Sugar has addictive qualities, especially for young children whose taste buds are being shaped by the foods they eat. Sugar stimulates brain pathways just as an opioid would. Cravings induced by sugar are comparable to those induced by addictive drugs like cocaine and nicotine.

Sugar is added to foods by an industry whose goal is to engineer products to be as irresistible and addictive as possible. Sugar in various forms can be found in 80 percent of the products on supermarket shelves, and not just in the candy and desserts where we would expect to find it, but in seemingly healthy products as well.

Added sugars have a host of names on food ingredient labels, such as high fructose corn syrup, dextrose, fructose, fruit juice, beet syrup, sugar cane syrup and more.

In the Added Sugars and Cardiovascular Disease Risk in Children study, a panel of researchers from the American Heart Association took a deep look at how sugar impacts cardiovascular health of children.

They state that the typical American child eats about triple the recommended amount of added sugars, half from food and half from drinks.
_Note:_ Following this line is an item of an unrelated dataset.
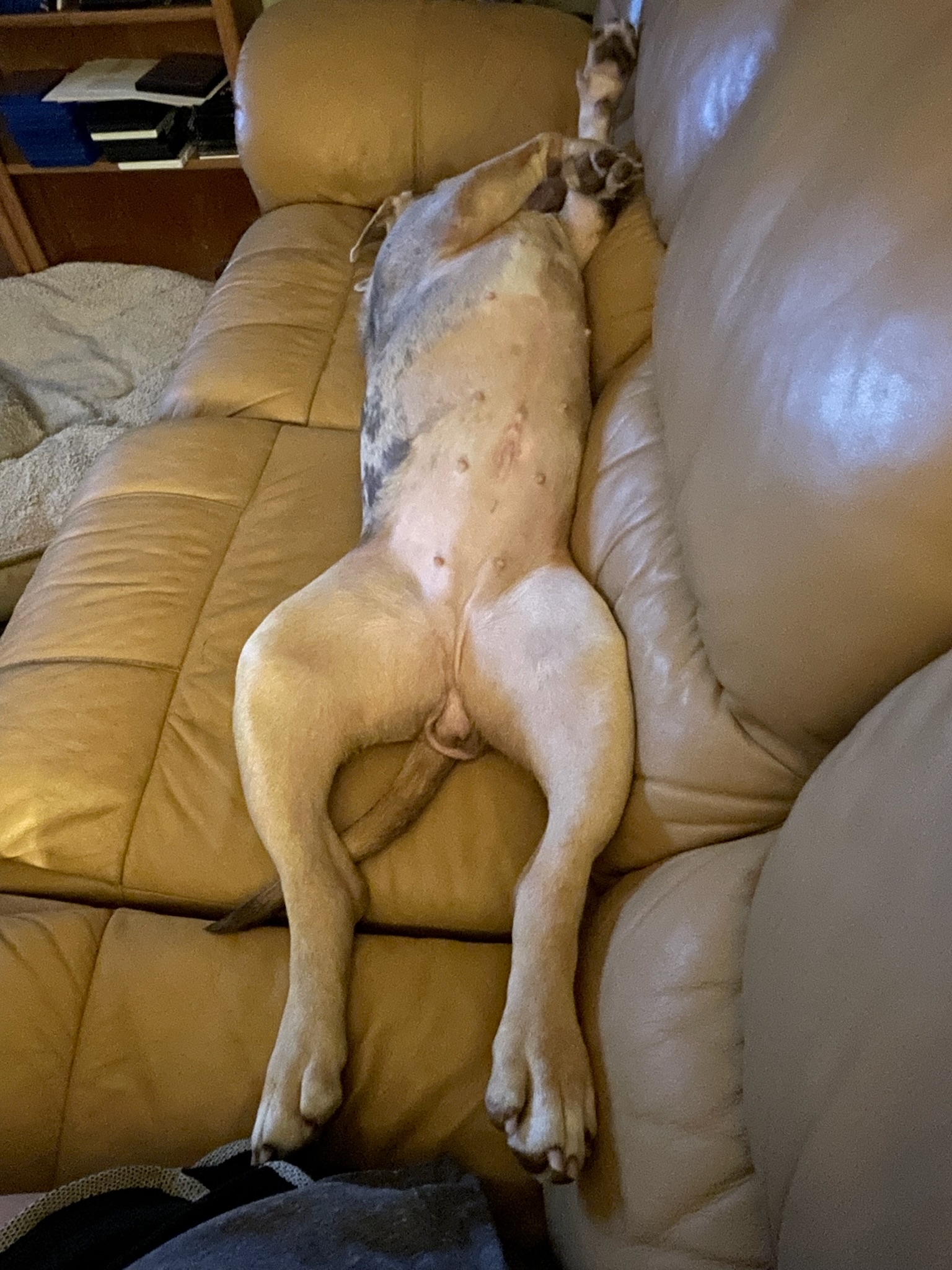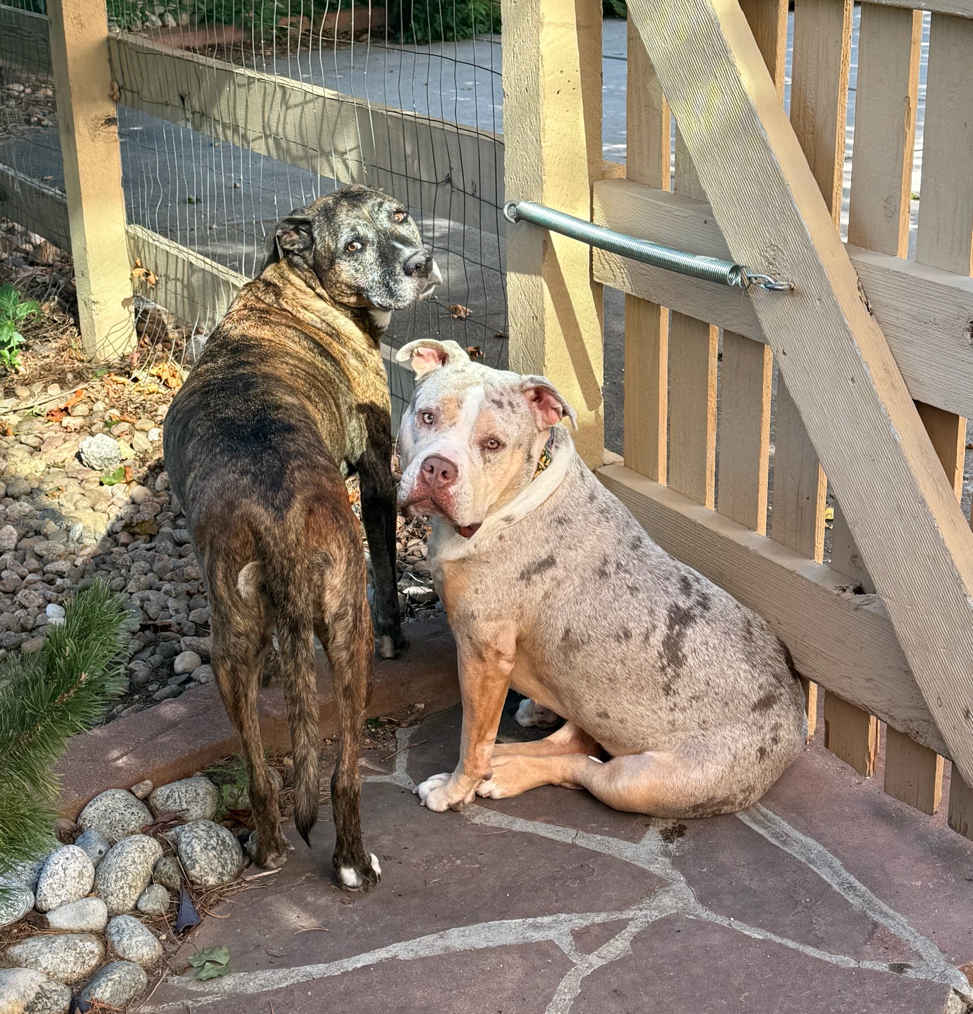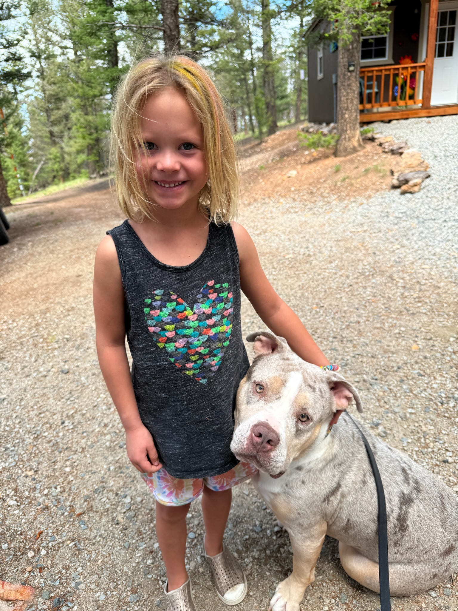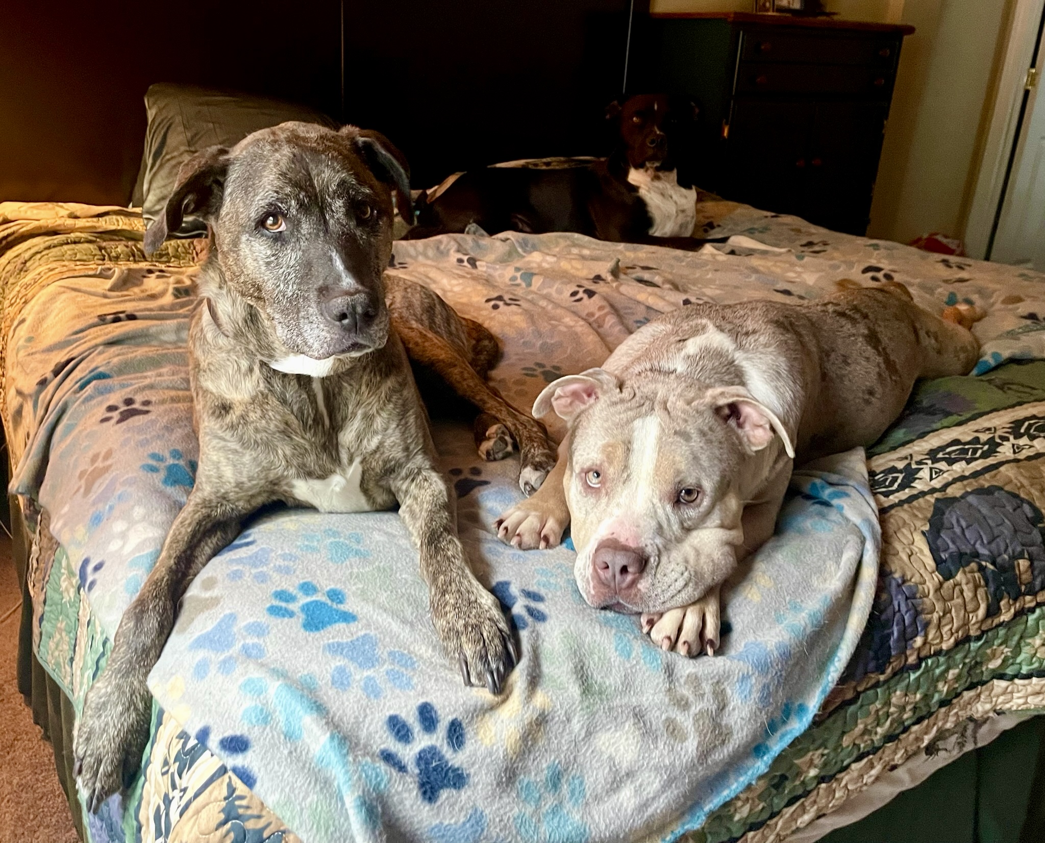 Alex is a 2 year old, female, pittie mix! She’s short and stout weighing in around 55 lbs. Alex had a long list of things she loves: water, car rides, hikes, attention, sunbathing, stuffed animals, and dog friends! She loves to play but she isn’t a high energy girl. She knows how to chill and cuddle for a nap sesh, too. Alex is house and crate trained, walks well on a leash, and is trustworthy free roam at her foster home. She can be a bit shy when meeting new people but she warms up and becomes social and affectionate. Alex is a little piggie and will need humans that can carefully monitor her calorie intake — she had a TPLO surgery and gained some lbs right under our noses! Alex is low heartworm positive and has had treatment. She is due for a retest in approx 6 months.

The top contributors to added sugars intake include soda, fruit-flavored and sports drinks, and cakes and cookies.

The American Heart Association now recommends that children 2 years and older and adults consume no more than six teaspoons (about 100 calories) of added sugar a day and limit their intake of sugary beverages to no more than one 8-ounce beverage per week. The limit of six teaspoons of added sugar is also what the World Health Organization recommends.

Their statement also said children younger than 2 should not consume any added sugars.

While this is a noble goal, it is very difficult to achieve for people whose regular daily diet includes any packaged or processed foods. For example, six teaspoons roughly amounts to a serving of flavored yogurt.

Foods like fruit-flavored yogurts, sports drinks, pasta sauce, cereal, ketchup, energy bars, and barbecue sauce are all loaded with added sugar.

Substituting whole foods for sweet industrial concoctions may be a hard sell, but in the face of an industry that is exploiting our biological nature to keep us addicted, it may be the best solution.

A recent study found that after just nine days without added sugar, even though the diet still was full of non-sugary junk food like chips and hot dogs, metabolic health improved drastically in overweight children, and their appetite decreased. Thus the sugar itself, and not just the calories it represents in a diet, is the culprit in numerous health problems.

In conclusion, associations between added sugars and increased cardiovascular disease risk factors are present at levels far below current consumption levels. The American Heart Association committee found that it is reasonable to recommend that people older than 2 years consume no more than 6 teaspoons of added sugars per day and added sugar should be completely avoided for children 2 years of age or younger.